American Marine Holdings GM optimistic for 2012
WASHINGTON, N.C. – Craig Barrie took up rebuilding the American Marine Holdings brands as a top priority this month when GlassRatner appointed him general manager of the Fountain and Pro-Line brands.
Prior to that point, Barrie was involved with the production of Donzi Boats and had just developed a business plan to help the Baja brand recover the international reputation it enjoyed a few years ago.
His first action after taking over the brands was simply to build boats.
“The first step is that there were boats in production on their way to fulfill a dealer or customer order,” Barrie said. “I needed to put together a plan to get these boats out the door.

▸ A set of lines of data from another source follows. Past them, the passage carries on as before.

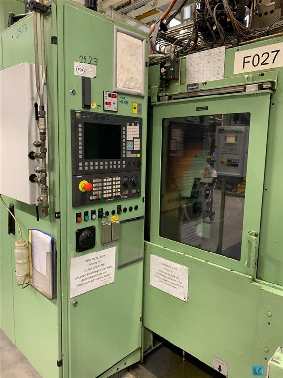 Eine CNC-Vertikaldrehmaschine EMAG steht zur Verfügung. Futterdurchmesser: 250mm, Umlaufdurchmesser: 260mm, Verfahrweg X/Z: 570mm/200mm, Eilgang X/Z: 60m/30m/min, Vorschubkraft X/Z: 5kN, Kugelrollspindeldurchmesser X/Z: 40mm, Spindellagerungsdurchmesser vorne: 110mm, Drehzahl: 4500U/min, Leistung: 18/28kW, Schaftdurchmesser: 40mm, Leistung angetriebener Werkzeuge: 12kW, Drehzahl: 6000U/min. Maschinendimensionen X/Y/Z: ca. 2700mm/2100mm/2400mm, Gewicht: ca. 7000kg, Einschaltzeit: 50416h, Automatikzeit: 9016h. Dokumentation vorhanden. Eine Besichtigung vor Ort ist möglich.
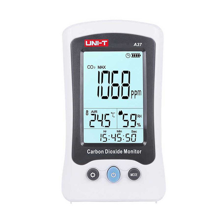 آنالایزر و دتکتور گاز CO2 یونیتی UNI-T A37 یک آنالایزر گاز دی اکسید کربن پرتابل می باشد که کار با آن بسیار ساده است. این دستگاه علاوه بر سنجش میزان دی اکسید کربن قادر است میزان رطوبت و درجه حرارت محیط را اندازه گیری نماید. از قابلیت های این محصول می توان به تصحیح اتوماتیک مقادیر پایه، آلارم دیداری و شنیداری، نشانگر اتمام باطری و خاموش شدن اتوماتیک دستگاه اشاره کرد. این دستگاه در صورتی که مقادیر غلظت Co2 از مقادیر مجاز فراتر رود دستگاه شروع به اخطار تصویری و پخش آلارم می کند.در صورت بلااستفاده بودن دستگاه به مدت بیش از 2 دقیقه به صورت خودکار خاموش می شود و در صورت کاهش باتری به کاربر هشدار لازم داده می شود. دستگاه زمان، تاریخ و مدت زمان لازم جهت اندازه گیری را نیز نمایش می دهد. آنالایزر و دتکتور گاز CO2 یونیتی UNI-T A37 جهت سنجش کیفیت هوا در اماکن بسته مانند منازل، مراکز خرید، داخل اتومبیل و کارخانه ها ایستگاههای قطار و بسیاری موارد دیگر کاربرد دارد. ا این دستگاه به کمک کابل mini USB و باتری لیتیومی خود قابلیت شارژ دارد. از ویژگی های دیگر آنالایزر و دتکتور گاز CO2 A37 قابلیت تصحیح خودکار خط مبنا و نور پس زمینه آن است که در محیط های تاریک به کاربر امکان کار با دستگاه را می دهد.
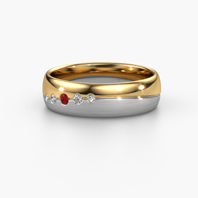 Was für eine perfekte Kombination zwei verschiedener Edelmetalle. Sie scheinen sich im Luxus Design dieses Rings zu verstärken! Unser Goldschiede würde sich freuen, einen einzigartigen Ring für Sie zu kreieren, ganz nach Ihren Wünschen. Jeder Ring, den wir anbieten, wird kunstvoll von Hand in unserem eigenen Atelier angefertigt. Das macht es möglich, dass wir Ihre Luxus in die Realität umsetzen und Ihnen dabei helfen, Ihren eigenen, persönlichen Ring zu kreieren, der an Ihren Stil angepasst ist. Dieser Luxus Gold WH0925L36APM Damen Ehering ist mit rund Rubin besetzt, ±6 mm breit und hat ein mattiert-glänzende Finish. Sie können in unserem Online-Tool eine Kombination aus Edelmetallen wählen. Alles ist möglich! Es ist gut, sich die Eigenschaften der verschiedenen Edelmetalle anzusehen. Gold und Silber sind zum Beispiel weichere Metalle. Die Karat werden durch die Menge der hinzugefügten zusätzlichen Metalle bestimmt. Wenn der Goldschmied nicht viel hinzufügt, sind die Karat höher und der Ehering wird weicher. Wenn er mehr Metalle hinzufügt, hat das Schmuckstück einen geringeren Wert in Karat. Ein weicheres Edelmetall kann trotzdem für Ihre Luxus Ehering verwendet werden! Wenn Sie ein Edelmetall bevorzugen, das ein Leben lang halten wird, empfehlen wir Platin. Es ist das robusteste und langlebigste Metall, dass unser Goldschmied verwendet.Dieser Ehering kann auch als Inspirationsquelle dienen. Möchtest du den Ring matt oder glänzend (ohne Aufpreis) haben, oder lieber breiter oder schmaler? Alles ist möglich. Da es unzählige Variationen gibt, können wir nicht alles auf unserer Website zeigen. Hast du eine Idee für schöne Eheringe oder irgendwo anders ein schönes Set Trauringe gesehen? Kontaktiere uns gerne, unsere Designer stehen bereit, um dir zu helfen.Da wir unsere eigenen Ringe entwerfen und liefern, können wir Ihre Eheringe zu einem Preis anbieten, den Sie nirgendwo anders finden. Ein Ring wird auf Bestellung angefertigt, wodurch kein überschüssiges Material anfällt. So können wir Ihnen ein gutes Angebot zum besten Preis machen.Um es einfacher zu machen, bieten wir eine kostenlose 30-tägige Rücksendung.
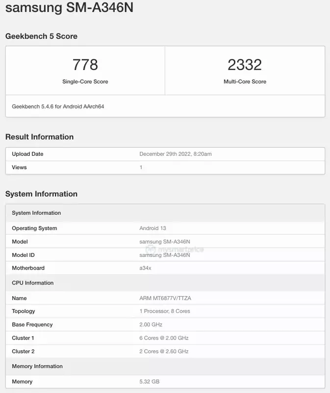 Smartfon będzie wyposażony w układ Dimensity 1080. Samsung Galaxy A34 5G przeszedł test wydajności w Geekbench. Układ pracuje z częstotliwością 2-2,6 GHz, grafiką Mali-G68, modemem wspierającym łączność komórkową 5G i wykonany jest w technologii 6 nm TSMC.
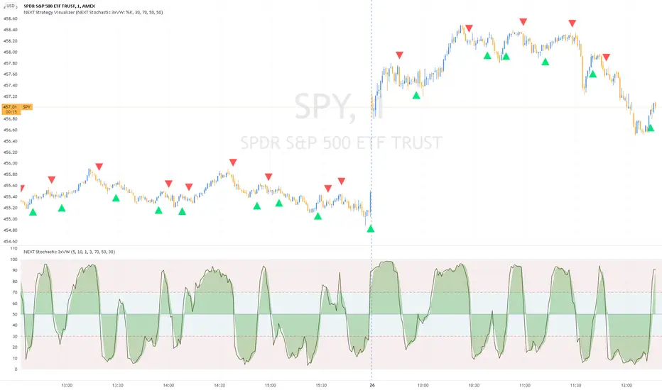 Discover and visualize NEXT Stochastic 3xVW strategies using the companion NEXT Strategy Visualizer indicator. While the %K/%D cross alerts can be set via NEXT Stochastic 3xVW indicator, the Strategy Visualizer will only plot long/short signals when %K or %D cross over or under overbought/oversold levels (as hown in the above SPY M1 screenshot). That being said, the next version of the Strategy Visualizer will also support %K/%D crosses.
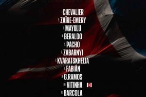 1-舍瓦利耶、2-扎伊爾·埃梅里、3-馬尤盧、4-貝拉爾多、5-帕喬、6-扎巴爾尼、7-克瓦拉茨赫利亞、8-法比安·魯伊斯、9-貢薩洛·拉莫斯、10-維蒂尼亞、11-巴爾科拉
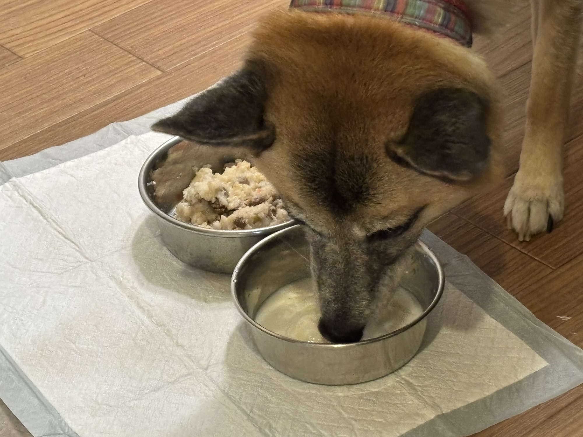 水も飲まないので、ヨーグルトと乳清を出したら舐めていました。
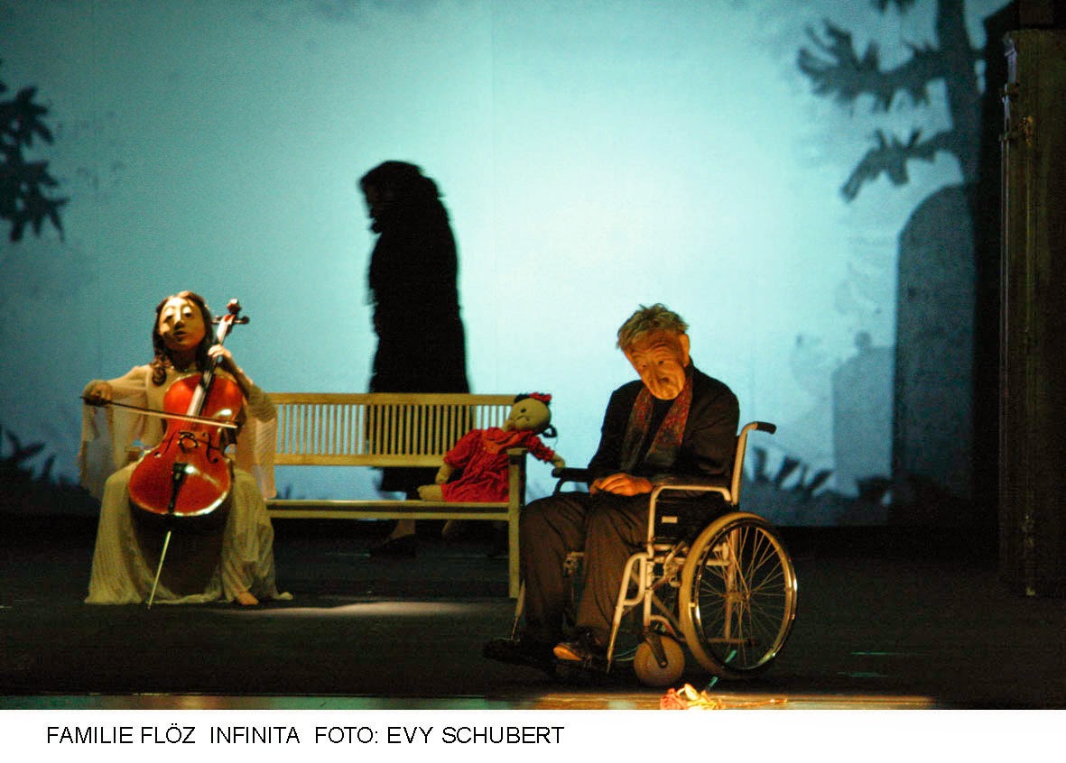 Au fond de la scène, un écran, une projection (encore !) nous montre un enterrement. Puis les personnages entrent en scène, un vieil homme en fauteuil roulant poussé par une grande femme, venu déposer une rose dans une tombe figurée par un carré de lumière… Ca ne va pas être gai.
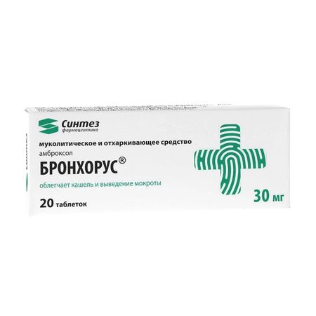 Показания Острые и хронические заболевания дыхательных путей, сопровождающиеся образованием вязкой мокроты: острый и хронический бронхит; пневмония; бронхиальная астма с затруднением отхождения мокроты; бронхоэктатическая болезнь; ХОБЛ. Фармакологическое действие Муколитический и отхаркивающий препарат. Обладает секретомоторным, секретолитическим и отхаркивающим действием. Амброксол стимулирует двигательную активность ресничек мерцательного эпителия слизистой оболочки бронхов (мукокинетическое или секретомоторное действие). Перистальтические сокращения по спирали реснитчатых (цилиарных) клеток эпителия бронхов выводят слизь из бронхиального дерева (мукоцилиарный транспорт или мукоцилиарный клиренс). Амброксол значительно улучшает мукоцилиарный транспорт. Амброксол стимулирует серозные клетки желез слизистой оболочки бронхов, увеличивает содержание слизистого компонента мокроты и нормализует нарушенное соотношение серозного и слизистого компонентов мокроты. Активируя гидролизующие ферменты и усиливая высвобождение лизосом из клеток Клара, уменьшает вязкость мокроты и ее адгезивные свойства (муколитическое или секретолитическое действие). Амброксол повышает синтез и секрецию поверхностно-активного вещества (сурфактанта) в альвеолах и бронхах. В результате этих механизмов значительно уменьшается вязкость мокроты и улучшается ее отхаркивание. При приеме внутрь действие препарата наступает через 30 мин и продолжается в течение 6-12 ч. Лекарственное взаимодействие Одновременное применение препарата Бронхорус® с противокашлевыми лекарственными средствами приводит к затруднению отхождения мокроты на фоне уменьшения кашля. Амброксол увеличивает проникновение в бронхиальный секрет амоксициллина, цефуроксима, эритромицина и доксициклина.
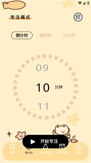 2、提供专注倒计时、番茄钟、正计时功能,让大家保持专注;
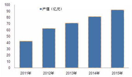 2011-2015年我國輕質碳酸鈣行業產值走勢
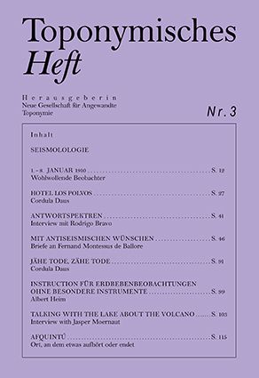 In ihrer aktuellen Publikation Toponymisches Heft Nr. 3 plädiert die Autorin für eine Erschütterungskunde, die sich ihrer eigenen Verletzlichkeit entsinnt. Neben praktischen Anleitungen, irdischen Evidenzen und Exkursen über eine unhaltbare Liebe stellt sie erstmals veröffentlichte Dokumente aus der Frühzeit der modernen Erdbebenforschung vor.
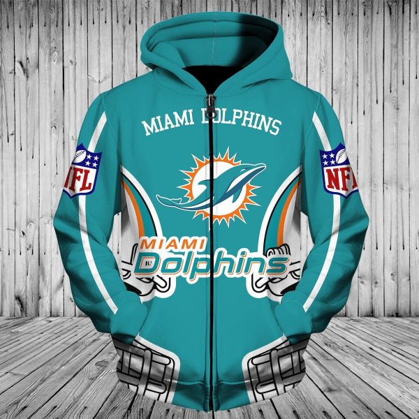 Men / Women Miami Dolphins 3D Zipper Hoodie, Miami Dolphins Zipper Hoodie, NFL Miami Dolphins Apparel

Right now, I’m just finishing up the boats on the production line.”
As a part of GlassRatner’s reorganization of American Marine Holdings, Barrie also began writing up business and marketing plans for the new boat brands under his management.
“I was asked to do business and marketing plans for all of the brands. I had Donzi and Baja done, and now I’ve been working on a business plan for Pro-Line and Fountain,” Barrie said. “I’m learning about the Pro-Line and Fountain brands to put together new plans for varying customer bases. The lenders want to preserve the brands and go forward with the brands. As it sits right now, the plan entails a startup in the factory per their approval in January. Indications are that they want to go forward with those brands that support a lot of dealers throughout the world. As a lender, the value in the brand is everything.”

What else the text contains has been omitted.